One eyewitness heard two explosions and then short bursts of automatic gunfire in the same street as the restaurant. The wreckage of a red scooter, the remains of shop awnings and broken glass were strewn across the street.
Armed police, rifles cocked at the hip, set up barricades around the explosion site, and local people were seen yelling at each other, angry that another terror attack had hit the city.
Vehicles and street vendors’ barrows were used to keep locals away, and speeding military four-wheel drives with horns blaring arrived at the bomb site.
There were other attacks elsewhere.
“They entered the passenger hub of a station and started firing,” A.K. Sharma, a Mumbai railway police commissioner, told local television.
Sameeran Chakraborty, a Mumbai resident, told the NDTV news channel he heard a blast inside a car near the city airport.
“It was a big noise and one car was involved, definitely not more than that.”
There was no immediate claim of responsibility.
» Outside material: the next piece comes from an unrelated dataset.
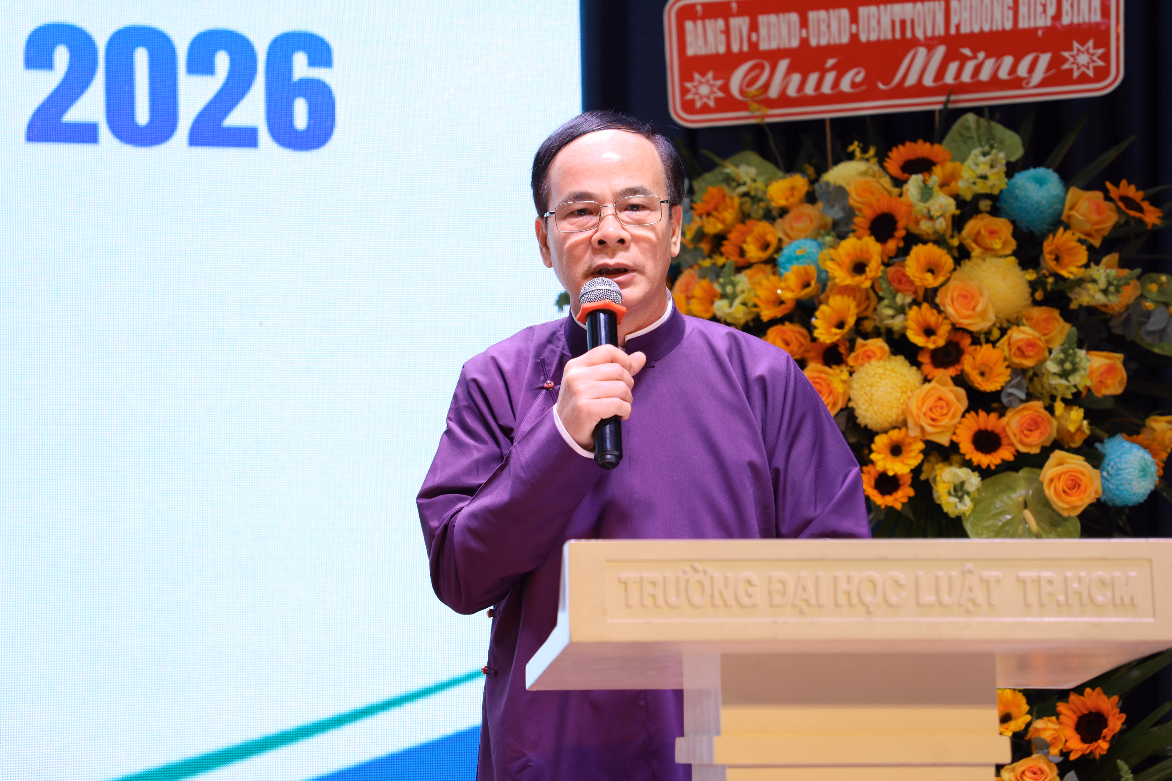 Phát biểu khai mạc, TS. Lê Trường Sơn - Hiệu trưởng Trường Đại học Luật TP HCM gửi lời chúc mừng năm mới và bày tỏ lòng biết ơn sâu sắc đến toàn thể viên chức, người lao động. Ông nhấn mạnh, buổi gặp mặt tất niên không chỉ là dịp tổng kết hoạt động năm 2025 mà còn là không gian kết nối các thế hệ cán bộ, giảng viên đã từng gắn bó với Nhà trường, đồng thời tri ân các thành viên Hội đồng Trường đã hoàn thành sứ mệnh kể từ ngày 1/1/2026.

Indian Prime Minister Manmohan Singh condemned the attacks and said the Maharashtra government would get all the assistance required. The BBC said that British member of the European Parliament, Sajjad Karim, was at the Taj at the time and saw a gunman open fire in the lobby. “All I saw was one man on foot carrying a machine gun-type of weapon — which I then saw him firing from and I saw people hitting the floor, people right next to me,” he was quoted as saying.
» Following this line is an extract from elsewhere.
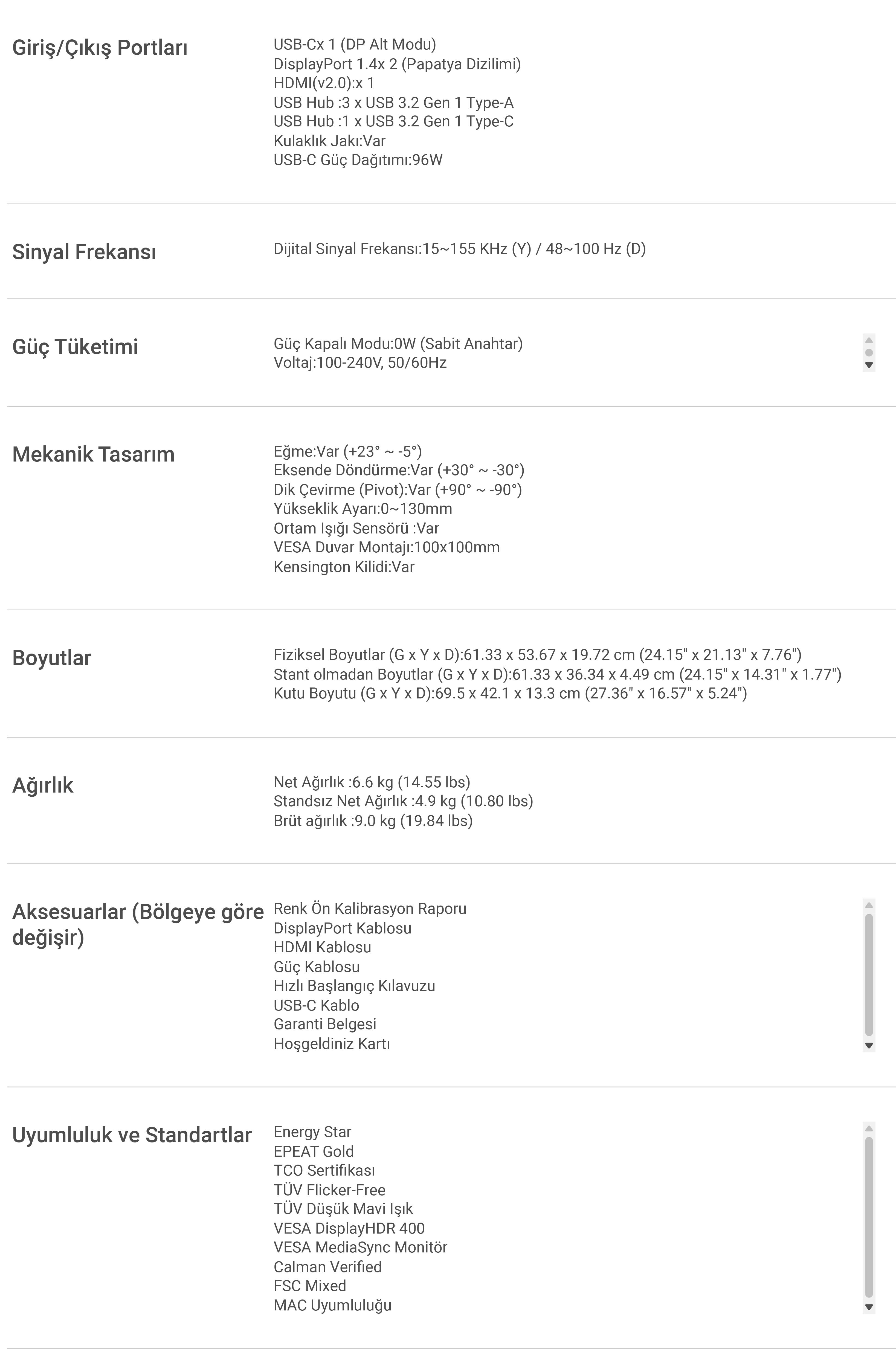 Parlaklık (HDR, Maks.):400 cd/ ㎡

One British guest told local Indian television that he had been among a dozen people herded together by two heavily armed men and taken up to the hotel’s upper floors.
“They were very young, like boys really, wearing jeans and T-shirts,” the guest said.
“They said they wanted anyone with British and American passports and then they took us up the stairs. I think they wanted to take us to the roof,” he said, adding that he and another hostage had managed to escape when they reached the 18th floor.
India has suffered a wave of bomb attacks in recent years. Most have been blamed on Muslims, although police have also arrested many Hindu extremists, including a serving colonel, for their involvement in some of the terror attacks.